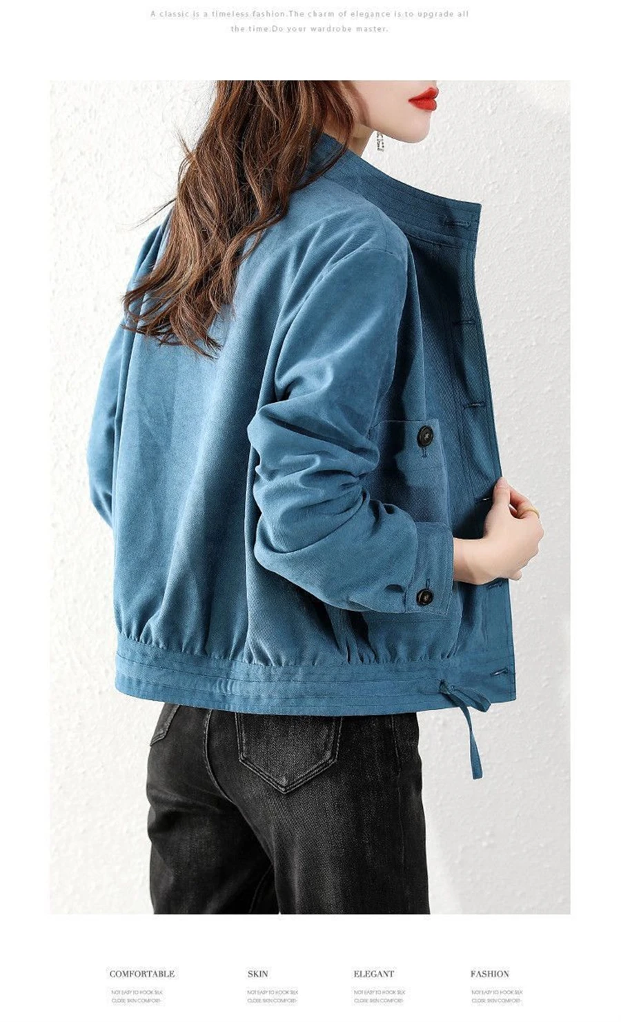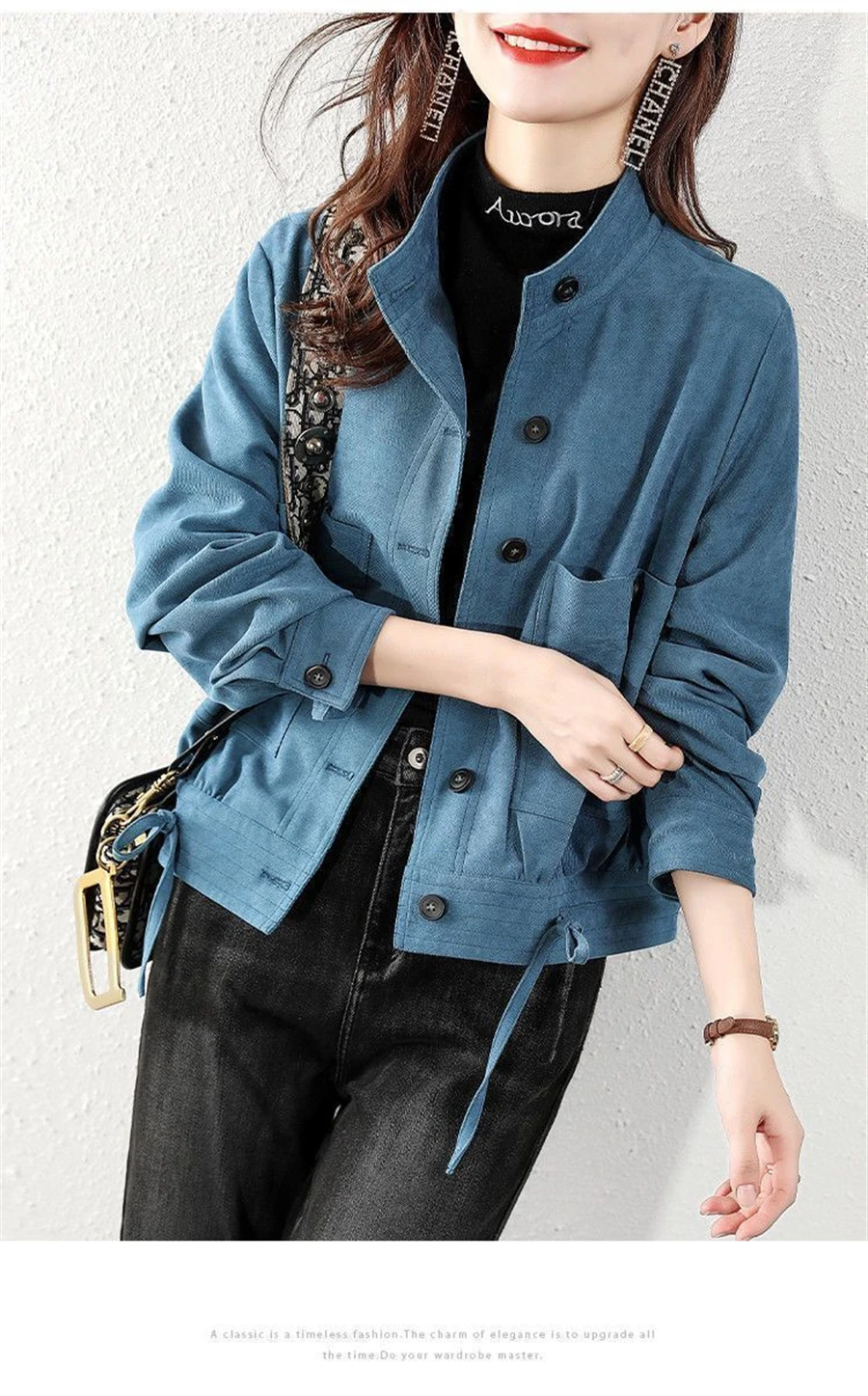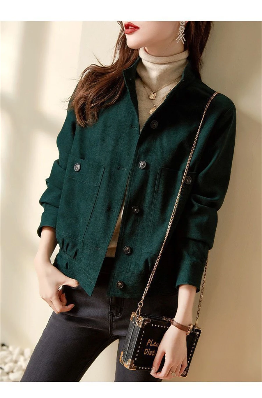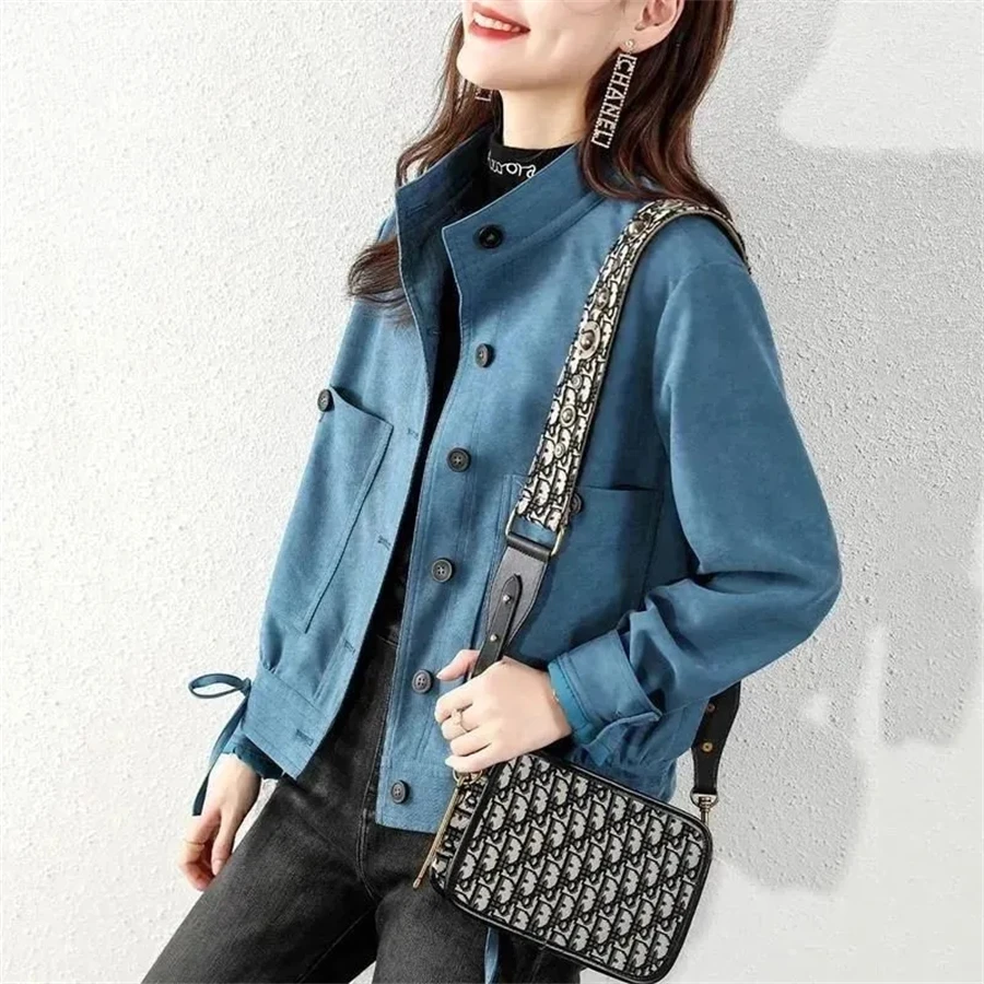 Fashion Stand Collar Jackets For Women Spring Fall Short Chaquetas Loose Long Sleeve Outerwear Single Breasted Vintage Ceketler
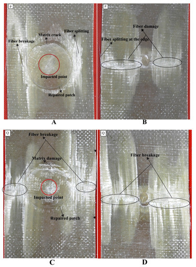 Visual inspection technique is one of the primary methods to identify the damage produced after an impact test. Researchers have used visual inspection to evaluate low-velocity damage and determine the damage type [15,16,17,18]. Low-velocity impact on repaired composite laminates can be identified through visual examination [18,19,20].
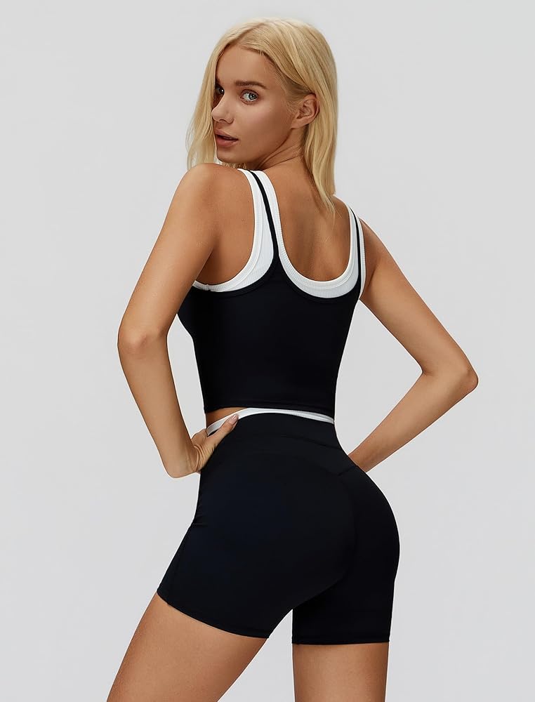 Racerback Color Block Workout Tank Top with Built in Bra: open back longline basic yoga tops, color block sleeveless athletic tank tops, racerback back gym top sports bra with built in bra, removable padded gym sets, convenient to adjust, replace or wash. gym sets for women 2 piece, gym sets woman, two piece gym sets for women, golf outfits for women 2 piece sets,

## WHAT THE TASK ASKS
Emit the lines of the material exactly, from its first line to the line containing "Visual inspection technique", inclusive; leave every picture out.

## SOLVED EXERCISE
 Fashion Stand Collar Jackets For Women Spring Fall Short Chaquetas Loose Long Sleeve Outerwear Single Breasted Vintage Ceketler
 Visual inspection technique is one of the primary methods to identify the damage produced after an impact test. Researchers have used visual inspection to evaluate low-velocity damage and determine the damage type [15,16,17,18]. Low-velocity impact on repaired composite laminates can be identified through visual examination [18,19,20].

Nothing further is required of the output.